Sunday, August 25, 2019

Chateau Shingles

I had purchased cedar shingles for the Chateau and with the grey color on the exterior, I decided it would be best to have darker shingles. I had experimented with a few grey shingles, but I don't think it would have been enough of a contrast.

I finally stained these over the weekend (needed nice weather, no rain, not hot). I had read of other miniaturists adventures in staining and wasn't looking forward to it. I got some foil roasting pans and was going to do the sieve method - poking holes in the bottom of one so the stain would drip into the bottom pan. Turns out I got too large of a size, and the bottom of these pans was not flat, had ridges for juices. That really wasn't working for me.

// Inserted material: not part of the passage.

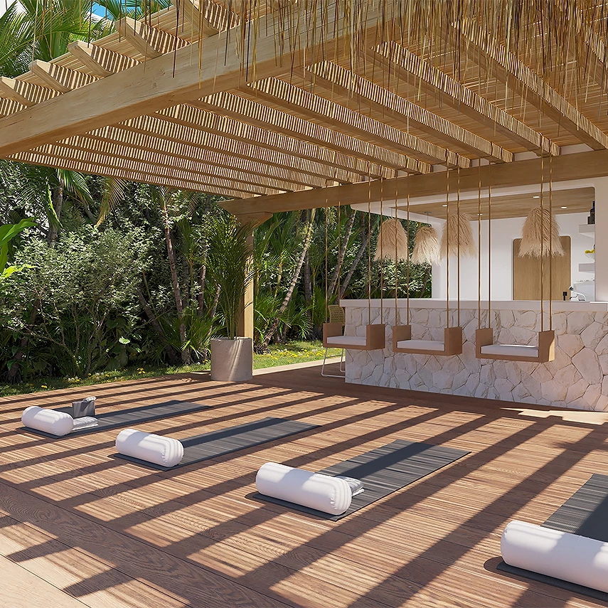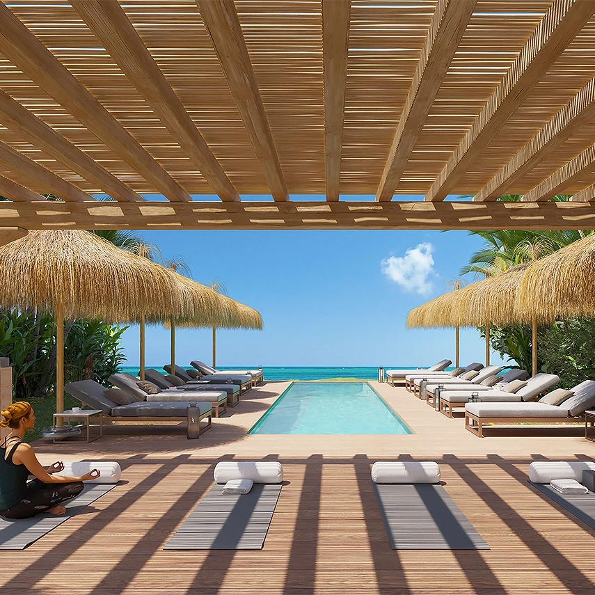 - Fully equipped fitness centre, beachfront yoga deck, lighted tennis and pickleball courts
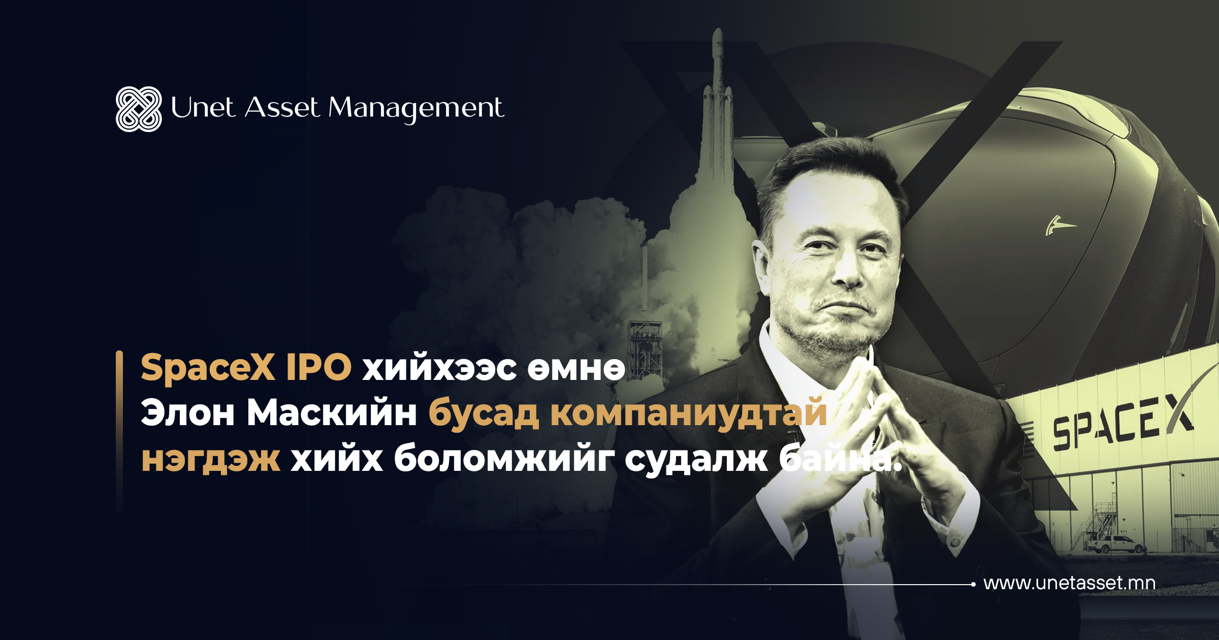 Элoн Маскийн удирддаг SpaceX компани олон нийтэд хувьцаагаа санал болгох (IPO) төлөвлөгөөнийхөө өмнө түүний эзэмшлийн бусад компаниудтай нэгдэх боломжийг судалж эхэлсэн талаар эх сурвалжууд мэдээллээ....

I was on my concrete patio, using an older wrought iron table. I had brown craft paper on top of it and this was where I would lay out the wet shingles. As I was poking holes in the roasting pan, I knocked over the stain, and it did a fabulous job of making a mess. Quickly moping up and removing the wet craft paper, as I watched it drip down to the concrete patio...not a great start. Once I was ready to start again, I placed wax paper down first, then more craft paper and began. I gave up on the roasting pans and chose a smaller metal container. I finished the first of 3 bags and was nearly out of stain (1/2 pint). Off to the store for more, and then back at it. I got a rhythm going and finally finished all. Did a bunch of blotting with paper towels and really ran through blue latex gloves like they were going out of style!

I again laid out the 2 collections of shingles today to dry and they look really nice! 3000 shingles....count 'em! I used Minwax Red Mahogany.